Created: 2012-07-31 11:53:39.367
Updated: 2012-07-31 11:53:39.367


Author: bko@gbif.org
Comment: Is there any setting stored somewhere that can be accessed by the script, so the script would know whether to use 'portal' or 'portal_rollover'?
Created: 2012-07-31 11:58:12.488
Updated: 2012-07-31 11:58:12.488


Author: mdoering@gbif.org
Comment: I think there is a note sticked to the wall next to Andreas, but thats it :)
Created: 2012-07-31 12:04:05.752
Updated: 2012-07-31 12:04:05.752


Author: bko@gbif.org
Created: 2012-07-31 12:08:19.454
Updated: 2012-07-31 12:08:19.454
        
okay... so to automate that I'll probably need a webcam...
I'll figure out. ;)


Author: trobertson@gbif.org
Created: 2012-07-31 12:10:57.208
Updated: 2012-07-31 12:10:57.208
        
It depends what you are trying to do Burke.
If you are looking for the transient databases, used during rollover, then mogo:portal represents the last index, mogo:rollover_portal represents the new one.  Rancor:portal and Krayt:portal will represent the live web app and harvesting databases but they swap on each rollover.


Author: bko@gbif.org
Created: 2012-07-31 13:26:16.297
Updated: 2012-07-31 13:26:16.297
        
I think for now it's good to know, thanks Tim!

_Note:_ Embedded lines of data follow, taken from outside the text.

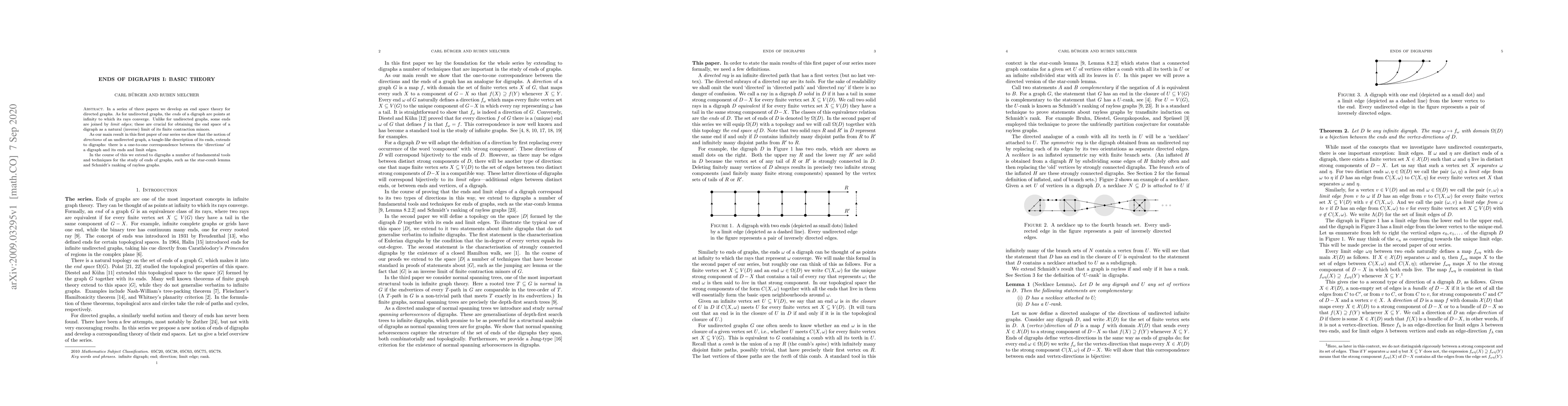 This paper introduces the foundational theory for the ends of directed graphs (digraphs), extending the concept of directions from undirected graphs to digraphs. It establishes a one-to-one correspondence between the directions of a digraph and its ends and limit edges, and adapts key graph theory tools for this new context.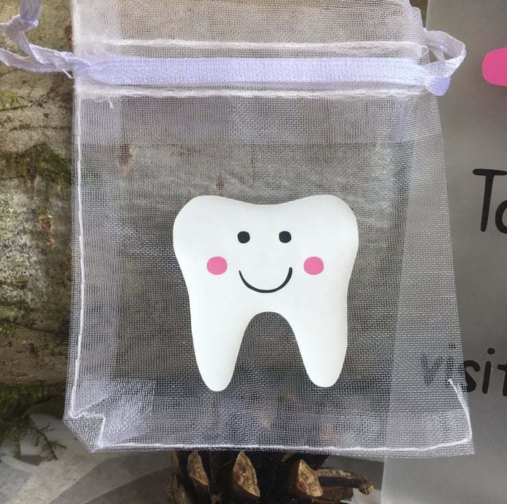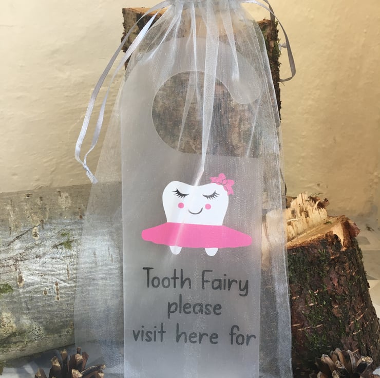 The organza bag design has been created using high quality professional clothing vinyl. It also features a large white tooth with rosy cheeks and a big smile.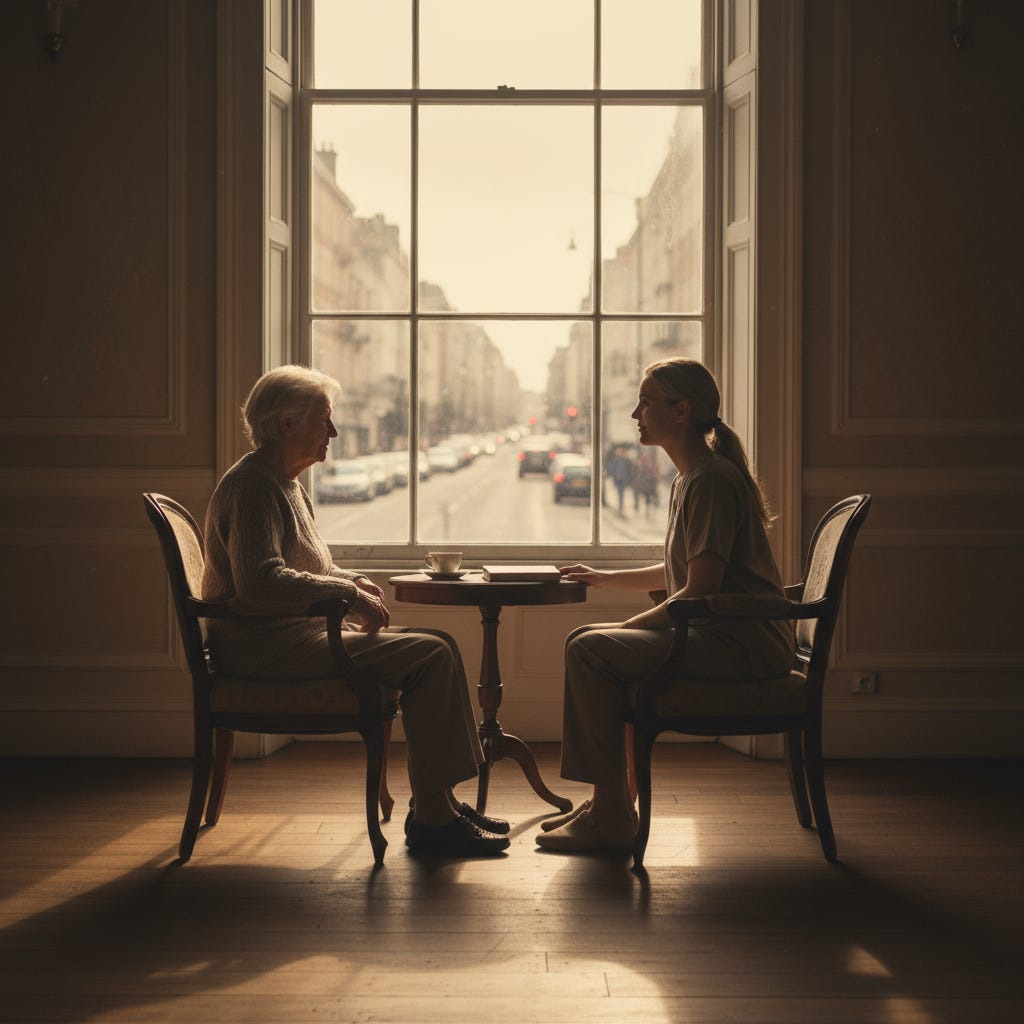 I think of the young caregivers I’ve worked with, pre-med and nursing students who tell me that sitting with an elder is “the first time I’ve been truly present in years.” A generation raised in the glow of screens, learning to make eye contact again. Learning that not all meaning can be streamed. Learning that some things can only be received through the discipline of attention.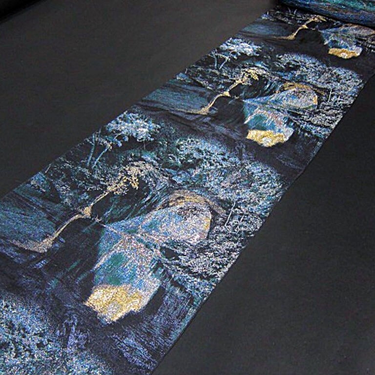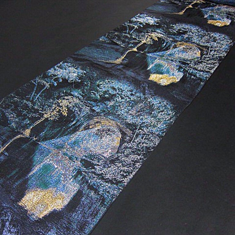 新品未仕立 西陣織六通柄高級丸巻袋帯 幻想的 美しい風景 濃溝の滝・亀岩の洞窟

I can imagine the script will need to access the latest index only when it's required that the exported nub_concept_id are persistent and the exportation will be used for synchronisation purposes, or for example, to link to live data portal species pages. The first part is quite challenging. And there are other parts to be considered in the workflow.

So from my end, at this  I'll just test if the script works okay with both portal and portal_rollover.